The problem the trucking market has and continues to have is there are significantly more trucks available than current demand, which is a product of transitioning rapidly from a period in which demand greatly exceeded supply of capacity. The recent demand spikes have had little to no impact on the spot market because of this.
The Outbound Tender Volume Index (OTVI) has increased like this once already this year, rising 6% in the last week of February before trending lower into mid-April. Spot rates only stalled for a moment before dropping an additional 3% through March.
In a more stable environment, a 6% increase in the OTVI would be a significant disruption to capacity. In late May of 2019, the OTVI jumped nearly 7%, which helped push spot rates 6.5% higher over a two-week period.
The recent uptick in OTVI has only managed to keep spot rates from falling further.
The late-April surge is coming from a multitude of origins and not just a few places. This is a sign that general freight demand is getting better from more than a few sectors or industries.
Taking a look at tender volumes by market, 110 of the 135 markets are showing an increase in tenders over the past two weeks. Some of them, like Dallas and Elizabeth, New Jersey, are quite significant.
April is not traditionally a seasonally strong month and has no consistent event that triggers aggregate demand-side increases. Something like this is expected toward the end of March, with the end-of-quarter shipping, or around the upcoming holidays.

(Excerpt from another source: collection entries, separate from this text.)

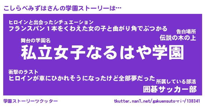 | 女子向けラノベタイトル風あだ名 | 『こしらべみずは姫と円卓の騎士』 |
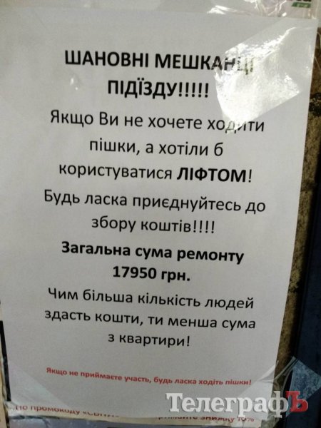 На деяких під'їздах кременчуцьких багатоповерхівок з’явилися оголошення про необхідність проведення капітальних ремонтів ліфтів. І жителі цих під'їздів обурені тим, що їм пропонують скинутися грошима на ці ремонтні роботи.
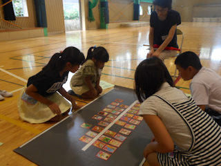 今回は、前半に2・4・6年生、後半に1・3・5年生に分かれてかるたを学びました。
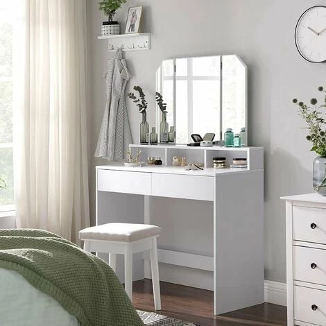 Ce sera votre nouvelle routine : Vous vous réveillez le matin et vous vous asseyez devant cette élégante coiffeuse. Vous trouverez crèmes, fond de teint, fards à paupières, brosses à cheveux et autres accessoires bien organisés dans les 2 grands tiroirs, les 3 compartiments ouverts et sur le niveau surélevé et sur le dessus de table… C’est beaucoup plus pratique, n’est-ce pas ? Comme ça, vous gagner du temps et vous pouvez même vous réveiller plus tard dans la matinée !
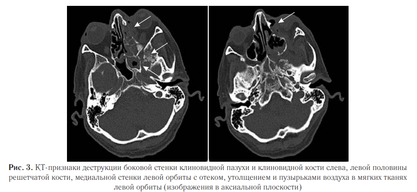 Пациент У., 1949 г.р., госпитализирован 09.2021 с жалобами на онемение левой половины лица, отек левого глаза, затруднение глотания твердой пищи, асимметрию лица. Из анамнеза известно, что заболевание началось 08.2021 с повышения температуры тела более 38°С, появились боль в горле, кашель, головокружение, отсутствие аппетита, снизилось обоняние. Пациент самостоятельно принимал парацетамол без улучшения состояния. 29.08.2021 потерял сознание, госпитализирован в областную больницу. Выполнено МСКТ головного мозга — данных, свидетельствующих об остром нарушении мозгового кровообращения (ОНМК), не получено. На МСКТ органов грудной клетки выявлена двусторонняя полисегментарная пневмония, выраженность изменений соответствует КТ-2. Диагностирована новая коронавирусная инфекция COVID-19, подтвержденная ПЦР. Проводили противовирусную терапию, вводили ГКС, антибиотики, антикоагулянты. Состояние ухудшилось через неделю, когда пациент стал отмечать онемение левой половины лица, отек в области левого глаза, асимметрию лица, затруднение приема пищи. Переведен в районную клиническую больницу, где на МСКТ головного мозга ОНМК вновь не подтвердилось, выявили двусторонний гайморит, флегмону левой орбиты и остеомиелит верхней челюсти слева. При осмотре оториноларингологом периостит верхней челюсти слева, при осмотре офтальмологом флегмона левой орбиты. Провели дренирование ретробульбарного пространства слева, конъюнктивотомию на 10-е сутки госпитализации. В анализах крови: нейтро- и лимфоцитопении не выявляли, повышение уровня глюкозы до 7,8 ммоль/л. Диагностирован сахарный диабет 2-го типа. На контрольной МСКТ ОНП выявили деструкцию и истончение медиальной стенки левой орбиты, ячеек решетчатого лабиринта, деструкцию боковой стенки клиновидной пазухи и клиновидной кости слева, утолщение и отек мягких тканей левой орбиты с пузырьками воздуха (рис. 3).
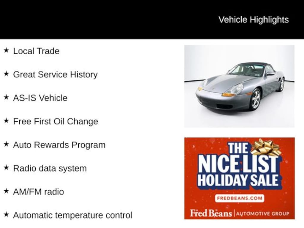 2001 Porsche Boxster Base 2.7L H6 SMPI DOHC 5-Speed Automatic with Tiptronic S RWD 2D Convertible Gray Local Trade, Great Service History, AS-IS Vehicle, Free First Oil Change, Auto Rewards Program, Alloy wheels, AM/FM radio, Automatic temperature control, Convertible roof lining, Four wheel independent suspension, Front fog lights, Heated door mirrors, Leather Shift Knob, Leather steering wheel, Power convertible roof, Power door mirrors, Power driver seat, Power passenger seat, Radio data system.
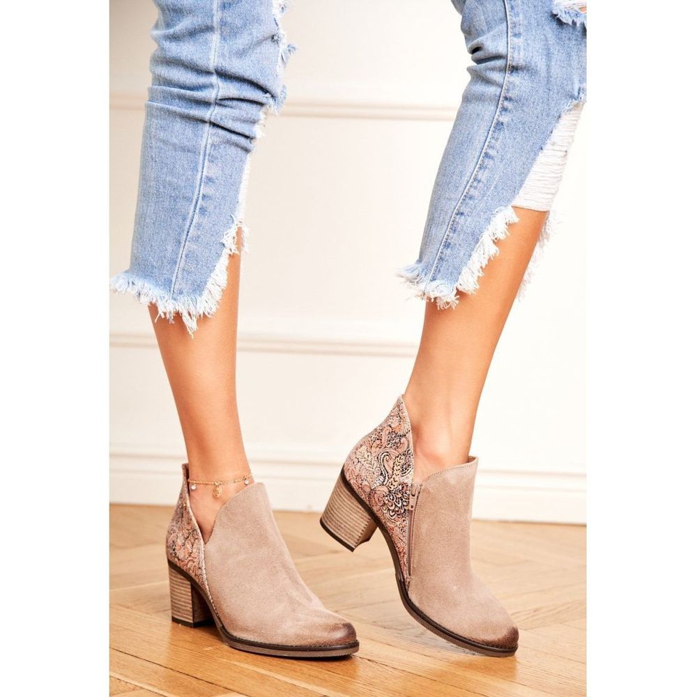 Szczegóły: Botki Damskie Na Słupku Maciejka Wiosenne Skóra Beżowe 04492-04 beżowy
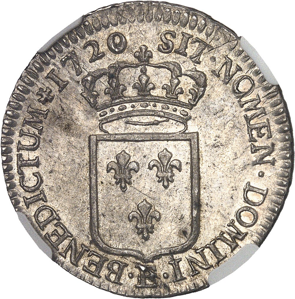 Louis XV (1715-1774). Tiers d’écu de France, flan neuf 1720, E, Tours. NGC UNC DETAILS CLEANED (6635720-038).
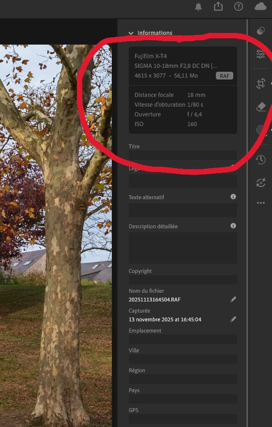 In the “Information” panel, the data at the top is not readable. It appears in grey text, and it should be white to make it easier to read. This concerns the camera model, lens, dimensions, and EXIF information.
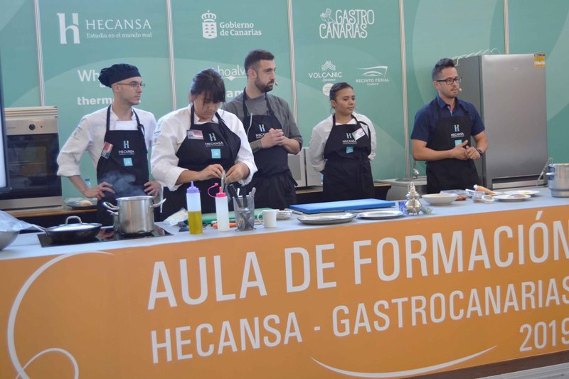 Hoteles Escuela de Canarias (Hecansa), empresa adscrita a la Consejería de Turismo, Cultura y Deportes del Gobierno de Canarias, participó con gran aceptación, en el VI Salón Gastronómico de Canarias, GastroCanarias 2019. El 'Aula de Formación' recibió, en sus tres días de celebración, más de un millar de visitantes. La coctelería de vanguardia, la harina de plátano y las frutas tropicales fueron protagonistas de la docena de demostraciones, talleres y showcooking que se impartieron en el stand para mostrar el modelo de Formación Profesional Dual implantado en su red de centros.
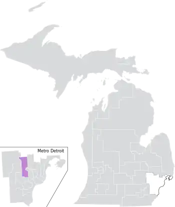 The district was largely located within Michigan's 11th congressional district, also extending into the 13th district. It overlapped with the 11th, 16th, 19th, 20th, and 21st districts of the Michigan House of Representatives.[6]
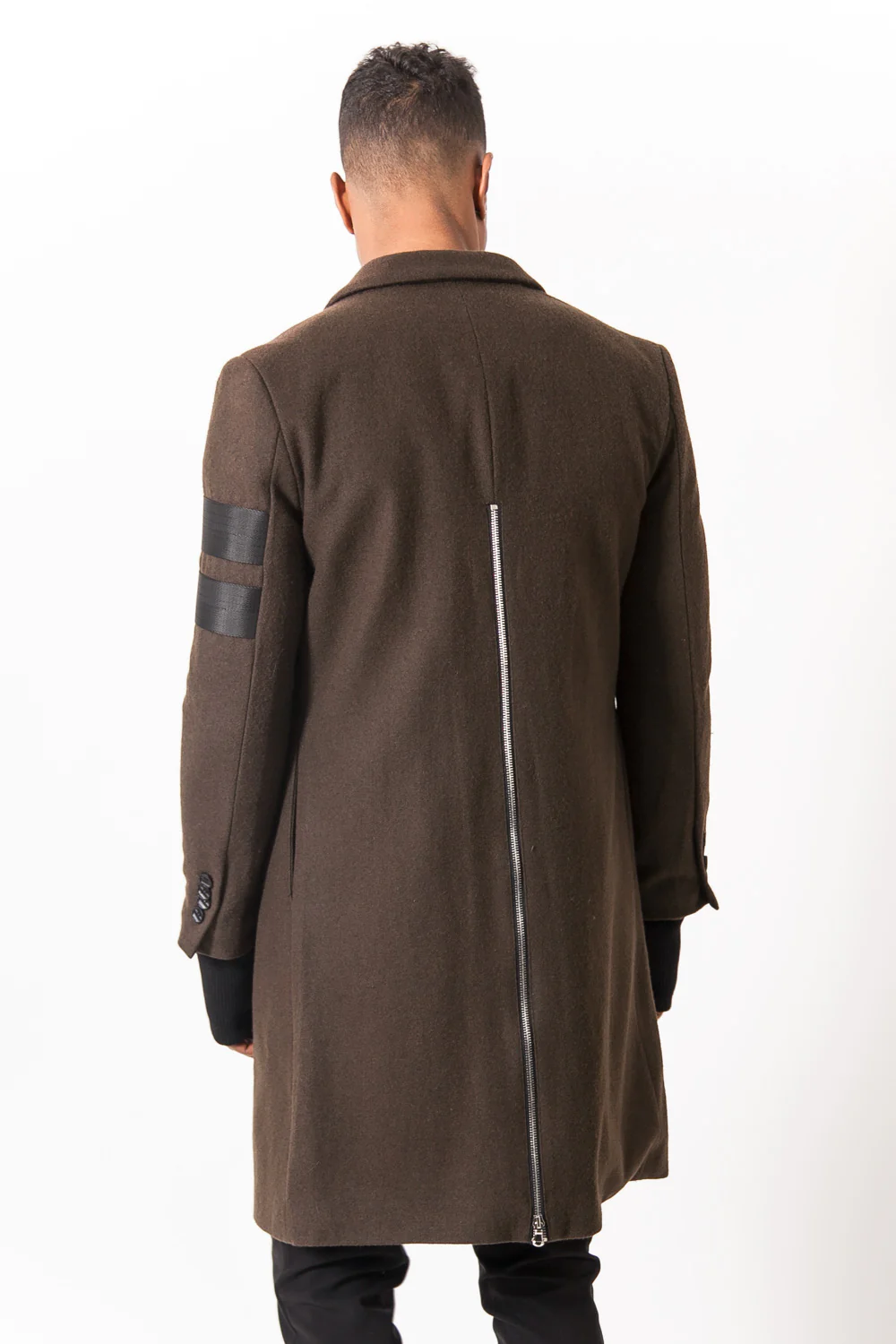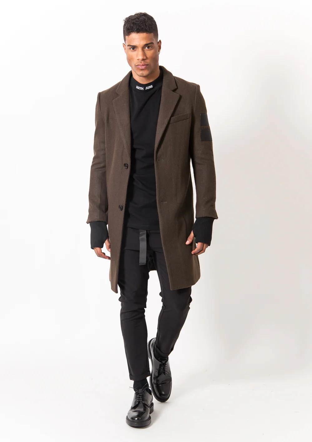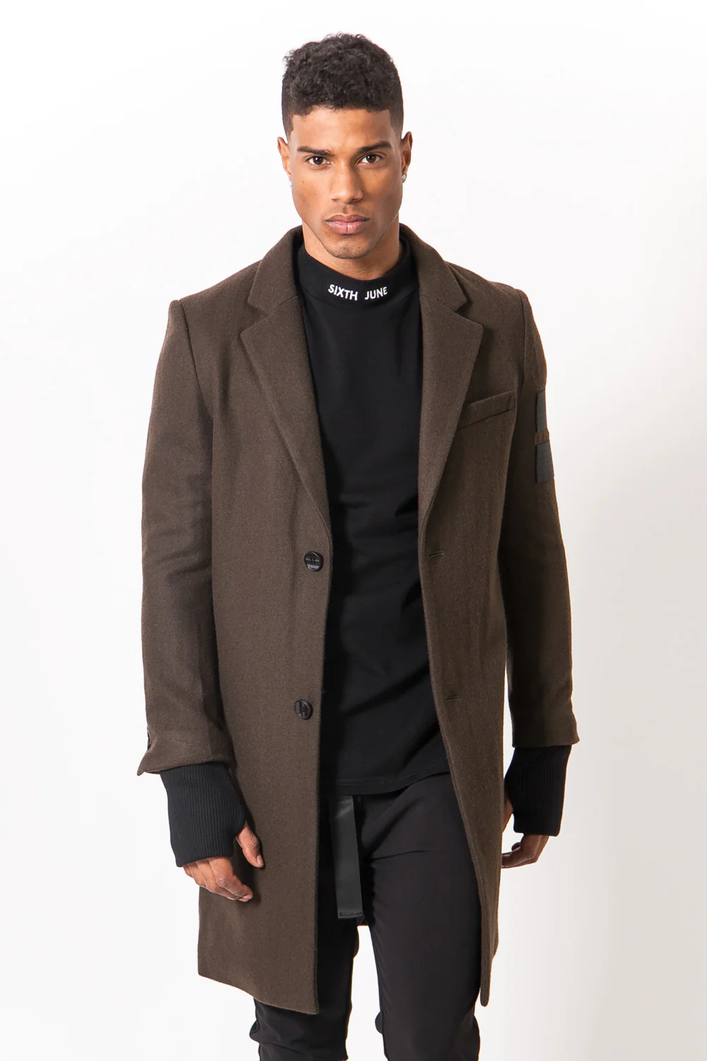 Manteau mi-long kaki Sixth June Homme. Une fausse poche pochette sur la poitrine. Deux bandes noir sur l’avant-bras gauche. Doubles manches côtelées noires avec trous pour le pouce. Poche intérieure.
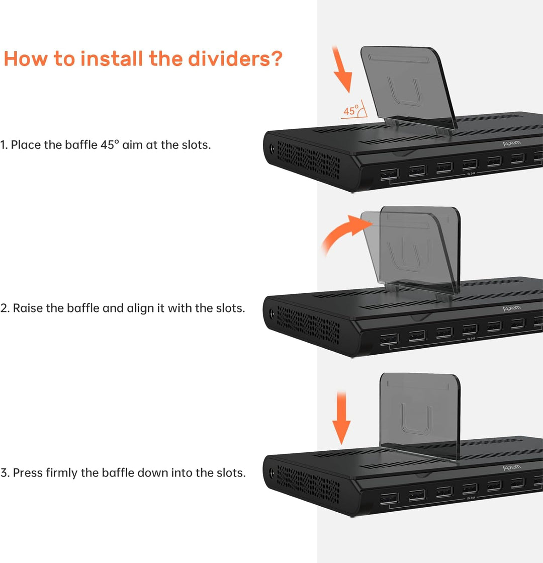 - 【Detachable divider】Die Trennwand des Handy Ladestation 10 port ist abnehmbar und kann auf Reisen für den einfachen Transport entfernt werden. Entworfen, um kompakt zu sein, wird es nicht zu viel Platz einnehmen, wo immer Sie es verwenden.

Demand may be the only reason spot rates have leveled. Spot rates excluding total estimated fuel costs are only 3% higher than they were in the spring of 2019. It doesn’t take an economist to figure that operating costs have grown more than 3% over the past four years, meaning the spot market consists largely of loads moving at a loss.
And therein lies the rub. While stabilization of rates and demand may be good in itself, it by no means indicates the struggle is over for transportation providers large and small.
Capacity may take a while to come into relative balance with demand, which means several more months of subdued rates and low utilization.
The economic environment is also pretty grim, meaning that this near-term stability may not be a reliable predictor of the future. Investment sentiment is down, and that is working its way into consumption behavior slowly.
Regardless of what this means for the future, it will be something to monitor and take for what it is — a period of less bad that supports a softer economic landing is possible.